Image courtesy of Avpics / Alamy Stock Photo Blue and yellow mural painted on a brick wall in the UK in support of Ukraine
Qiagen CEO shares story of one lab's undeterred commitment in Ukraine.

Medtech companies have been reacting to the Russia's invasion of Ukraine in various ways.

Some, like Siemens Healthineers, have voiced support for those impacted by the war but continue to do business in Russia.

"As a medical technology company, our priority remains to support medical professionals and patients in every circumstance and in every country. We believe that sanctions should not have adverse humanitarian consequences for the civilian population and hope we will be able to continue to support those who need us in both Ukraine and Russia," Siemens told MD+DI in an email last month.

Others, like Conformis, are putting their money where their mouth is by suspending operations in Russia. Most are treating it like a humanitarian crisis by donating funds and supplies.
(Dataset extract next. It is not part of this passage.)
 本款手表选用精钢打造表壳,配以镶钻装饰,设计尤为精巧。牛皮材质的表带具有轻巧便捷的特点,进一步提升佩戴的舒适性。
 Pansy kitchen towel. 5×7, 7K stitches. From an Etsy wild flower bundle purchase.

Qiagen CEO Thierry Bernard shared an inspiring story Thursday on LinkedIn about one lab's undeterred commitment to its work amidst the war.
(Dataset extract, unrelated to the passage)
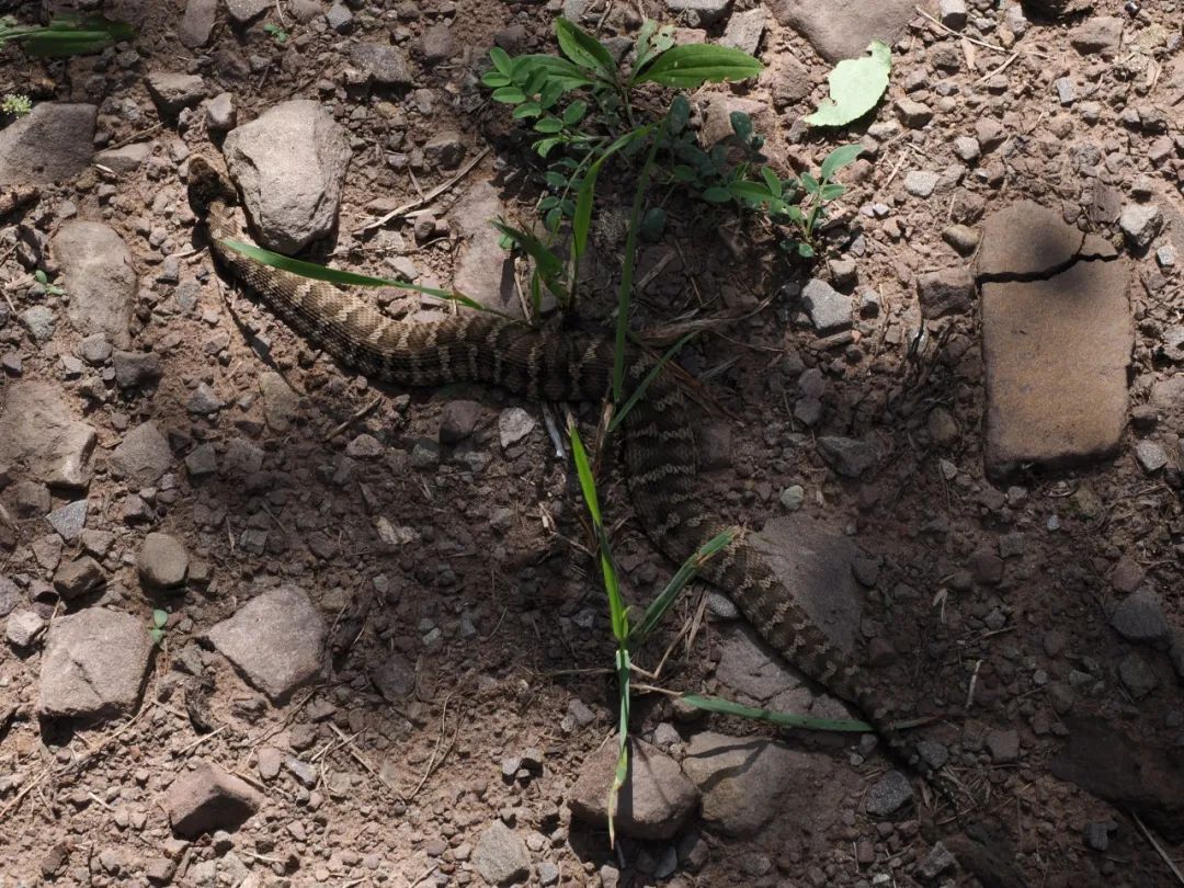 曬太陽的華北蝮,它把自己攤扁,最大限度貼着地面,吸收熱量。

"The following message is not about Qiagen, or our solutions. This is a message about strength and honor," Bernard wrote, before sharing a story that he received from the company's partner in Ukraine.

It's the story of a Ukrainian laboratory center of ministry of health. The post explains that the lab is a Qiagen customer that uses the company's Rotor-Gene and QIAcube HT products and were mostly running COVID-19 tests.

"After war started guys continued to work, moved their families in a bomb shelter under the lab. When electricity was out due to constant bombing, they continued to work using petrol generator, moved PCR equipment to the shelter. When they ran out of gas (and there was no gas in the city) they used last gasoline to run autoclave to destroy all pathogen samples and left. Crossed the river in a boat at night and left the city," Bernard shared.

"We can not turn a blind eye on what our Ukrainan fellowmen are going through every day, Bernard wrote. "It started as a violation of national sovereignty, escalated to war, and now becomes a crime zone. Ukraine is giving us a lesson on two values so often forgotten by many countries: strength and honor. Because it matters, we stand with Ukraine."